**Input data**
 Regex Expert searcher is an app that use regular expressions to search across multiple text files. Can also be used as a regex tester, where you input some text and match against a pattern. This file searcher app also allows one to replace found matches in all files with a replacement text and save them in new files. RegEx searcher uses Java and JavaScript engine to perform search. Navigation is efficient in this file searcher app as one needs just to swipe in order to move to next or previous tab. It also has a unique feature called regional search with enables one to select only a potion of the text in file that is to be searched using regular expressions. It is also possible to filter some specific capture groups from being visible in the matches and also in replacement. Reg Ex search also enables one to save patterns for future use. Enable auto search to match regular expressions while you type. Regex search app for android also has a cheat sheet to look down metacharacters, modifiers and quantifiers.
==
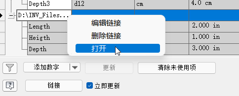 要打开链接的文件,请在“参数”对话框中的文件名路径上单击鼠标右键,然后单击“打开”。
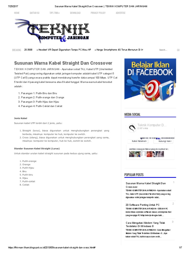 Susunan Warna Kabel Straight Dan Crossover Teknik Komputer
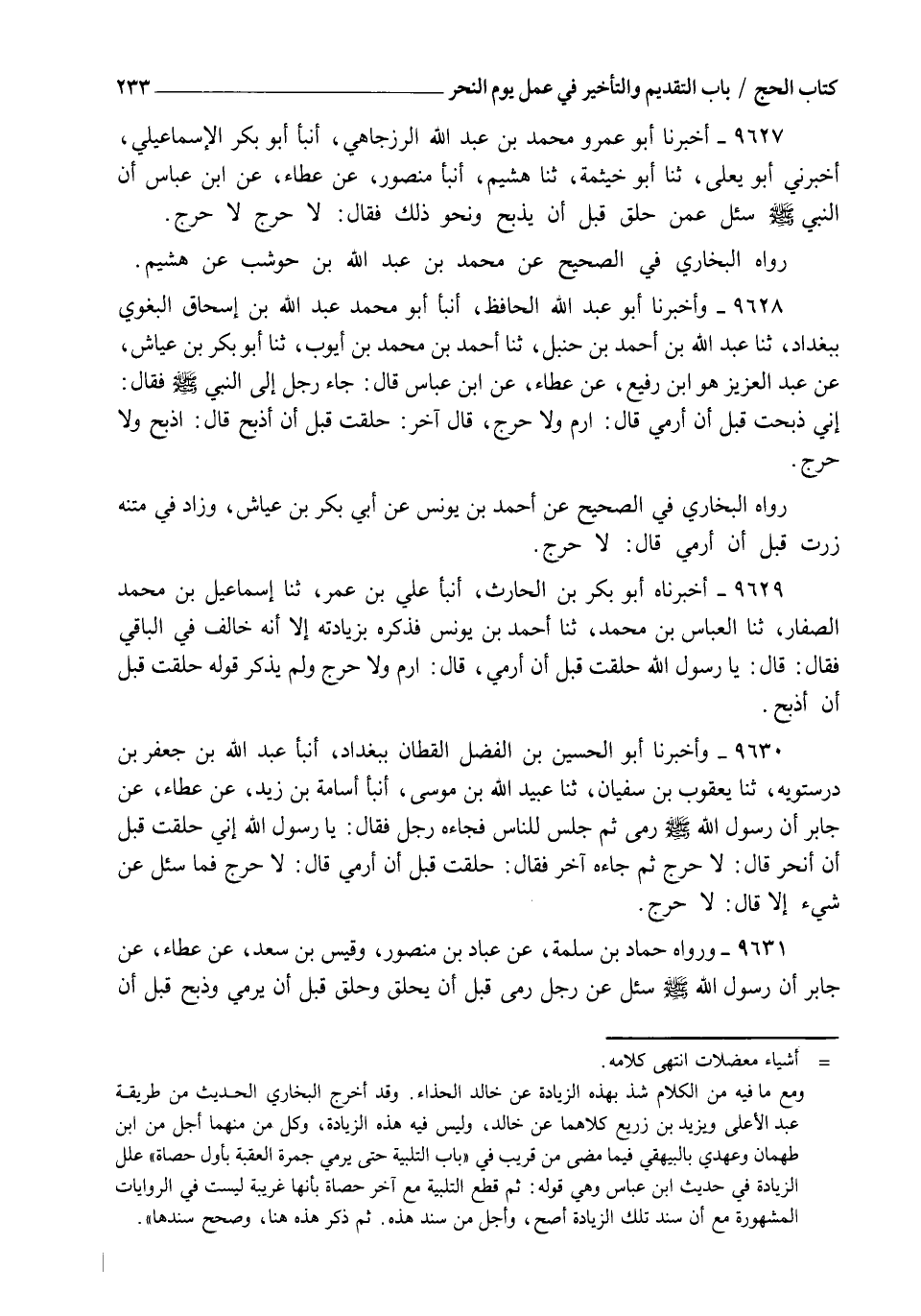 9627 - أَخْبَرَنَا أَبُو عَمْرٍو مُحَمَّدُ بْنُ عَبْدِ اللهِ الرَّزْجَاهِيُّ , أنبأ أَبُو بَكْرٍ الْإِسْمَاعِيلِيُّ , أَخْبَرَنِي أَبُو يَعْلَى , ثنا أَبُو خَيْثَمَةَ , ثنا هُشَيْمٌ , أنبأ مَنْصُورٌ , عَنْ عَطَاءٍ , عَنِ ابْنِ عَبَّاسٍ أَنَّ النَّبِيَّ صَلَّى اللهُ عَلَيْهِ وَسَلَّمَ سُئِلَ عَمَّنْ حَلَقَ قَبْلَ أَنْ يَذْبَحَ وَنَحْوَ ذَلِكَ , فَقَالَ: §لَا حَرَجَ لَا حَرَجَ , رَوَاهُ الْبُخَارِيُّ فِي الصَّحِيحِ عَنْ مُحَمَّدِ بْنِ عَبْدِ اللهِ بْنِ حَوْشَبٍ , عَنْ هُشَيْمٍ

**Requirement**
Copy word for word the lines of the records above from the one with "Susunan Warna Kabel" up to and including the one with "9627 - أَخْبَرَنَا". Skip the pictures.

**Exercise response**
 Susunan Warna Kabel Straight Dan Crossover Teknik Komputer
 9627 - أَخْبَرَنَا أَبُو عَمْرٍو مُحَمَّدُ بْنُ عَبْدِ اللهِ الرَّزْجَاهِيُّ , أنبأ أَبُو بَكْرٍ الْإِسْمَاعِيلِيُّ , أَخْبَرَنِي أَبُو يَعْلَى , ثنا أَبُو خَيْثَمَةَ , ثنا هُشَيْمٌ , أنبأ مَنْصُورٌ , عَنْ عَطَاءٍ , عَنِ ابْنِ عَبَّاسٍ أَنَّ النَّبِيَّ صَلَّى اللهُ عَلَيْهِ وَسَلَّمَ سُئِلَ عَمَّنْ حَلَقَ قَبْلَ أَنْ يَذْبَحَ وَنَحْوَ ذَلِكَ , فَقَالَ: §لَا حَرَجَ لَا حَرَجَ , رَوَاهُ الْبُخَارِيُّ فِي الصَّحِيحِ عَنْ مُحَمَّدِ بْنِ عَبْدِ اللهِ بْنِ حَوْشَبٍ , عَنْ هُشَيْمٍ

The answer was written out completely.